TASK ITEM: Each entry is to be reproduced verbatim, and images are to be omitted.

───── ENTRIES SHOWN

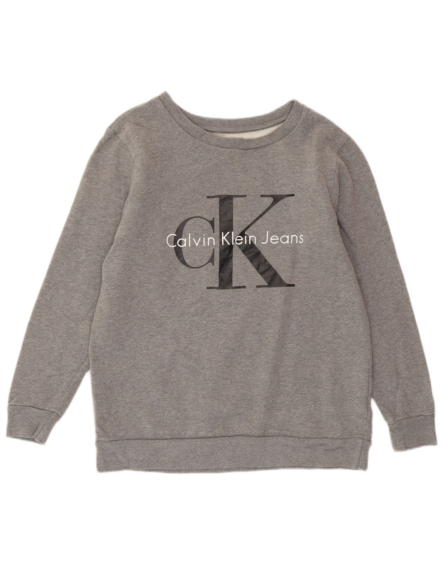 CALVIN KLEIN JEANS Dame Oversized Sweatshirt Jumper UK 6 XS Grå Flecked
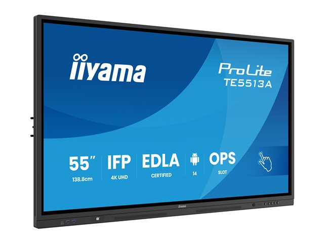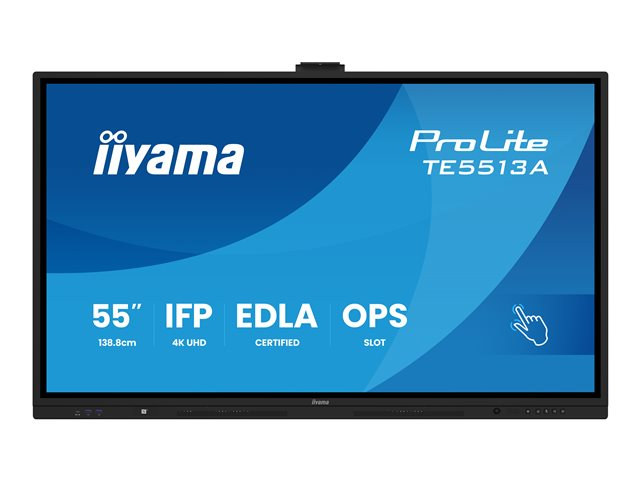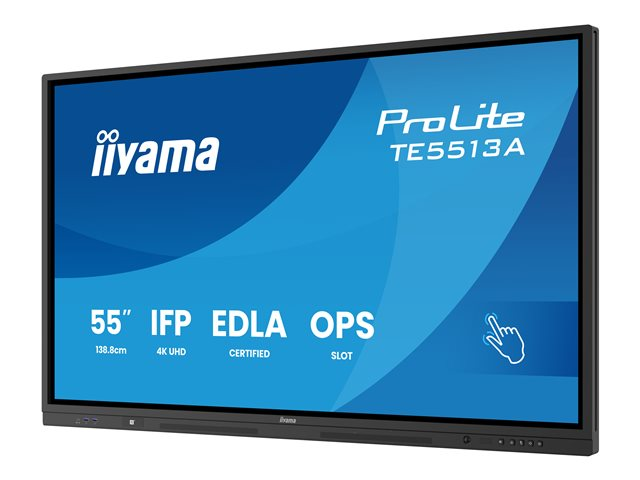 iiyama ProLite TE5513A-B2AG - 55" Diagonal klass (54.6" visbar) LED-bakgrundsbelyst LCD-skärm - interaktiv digital skyltning - med pekskärm (multi-touch) / PC-anslutning som tillval - 4K UHD (2160p) 3840 x 2160 - svart ram med matta ytor TE5513A-B2AG
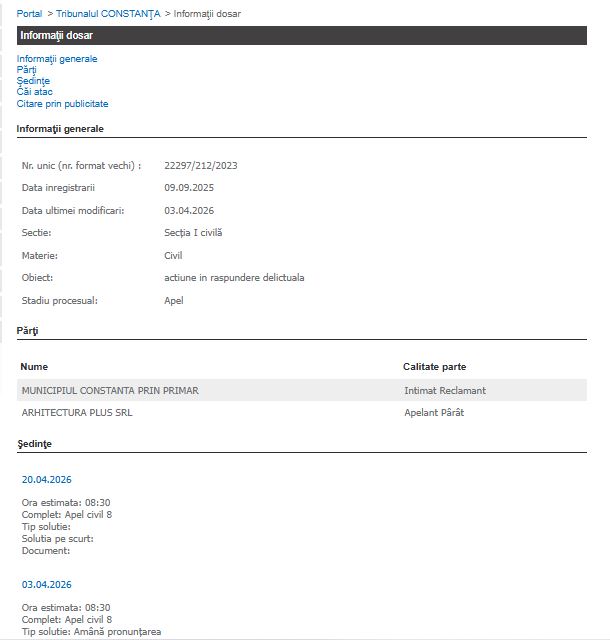 Tribunalul Constanța a programat pentru data de 20 aprilie 2026 un nou termen în dosarul de apel care vizează litigiul dintre Municipiul Constanța și societatea Arhitectura Plus SRL. Obiectul principal al cauzei este „acțiune în răspundere delictuală”
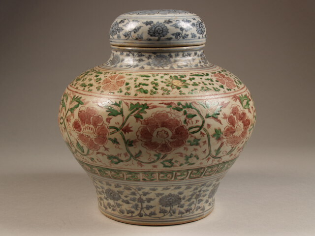 Wijnpot met balustervormige wand en holle smalle hals. Deksel met licht bolle wand en verjongende sluitring. Op de wand een voorstelling van pioenrozen met ranken en daarboven een rand van twee keer vier composieten onder een rand van ruyi ornamenten. Rondom de onderrand, de hals en de deksel een rand met lotusranken. Centraal op het deksel een geabstraheerde bloem. (Nederlands)
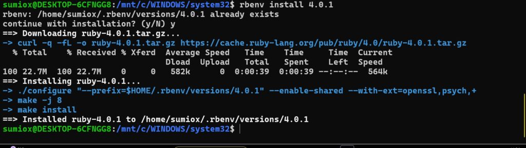 Ruby 4.0.1 が表示されているはずなので、下記コマンドを実行します。y/n を聞かれたら y を入力します。
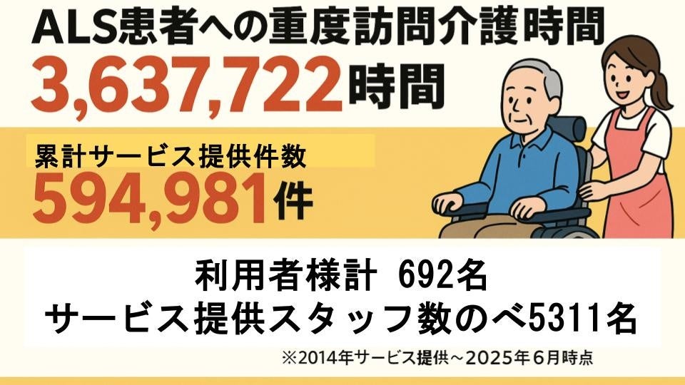 ALS(筋萎縮性側索硬化症)など重度障害・難病患者に在宅介護サービスを提供する株式会社ユースタイルラボラトリー(本社:東京都中野区、代表取締役:大畑健)は、6月21日の「世界ALSデー」に際し、2025年6月時点でALS患者様への重度訪問介護サービス提供時間の合計が3,637,722時間、累計サービス提供回数594,981件、692名のALS患者の方にサービスを提供してまいりましたことをお知らせします。

──────────

ANSWER SPACE:
 CALVIN KLEIN JEANS Dame Oversized Sweatshirt Jumper UK 6 XS Grå Flecked
 iiyama ProLite TE5513A-B2AG - 55" Diagonal klass (54.6" visbar) LED-bakgrundsbelyst LCD-skärm - interaktiv digital skyltning - med pekskärm (multi-touch) / PC-anslutning som tillval - 4K UHD (2160p) 3840 x 2160 - svart ram med matta ytor TE5513A-B2AG
 Tribunalul Constanța a programat pentru data de 20 aprilie 2026 un nou termen în dosarul de apel care vizează litigiul dintre Municipiul Constanța și societatea Arhitectura Plus SRL. Obiectul principal al cauzei este „acțiune în răspundere delictuală”
 Wijnpot met balustervormige wand en holle smalle hals. Deksel met licht bolle wand en verjongende sluitring. Op de wand een voorstelling van pioenrozen met ranken en daarboven een rand van twee keer vier composieten onder een rand van ruyi ornamenten. Rondom de onderrand, de hals en de deksel een rand met lotusranken. Centraal op het deksel een geabstraheerde bloem. (Nederlands)
 Ruby 4.0.1 が表示されているはずなので、下記コマンドを実行します。y/n を聞かれたら y を入力します。
 ALS(筋萎縮性側索硬化症)など重度障害・難病患者に在宅介護サービスを提供する株式会社ユースタイルラボラトリー(本社:東京都中野区、代表取締役:大畑健)は、6月21日の「世界ALSデー」に際し、2025年6月時点でALS患者様への重度訪問介護サービス提供時間の合計が3,637,722時間、累計サービス提供回数594,981件、692名のALS患者の方にサービスを提供してまいりましたことをお知らせします。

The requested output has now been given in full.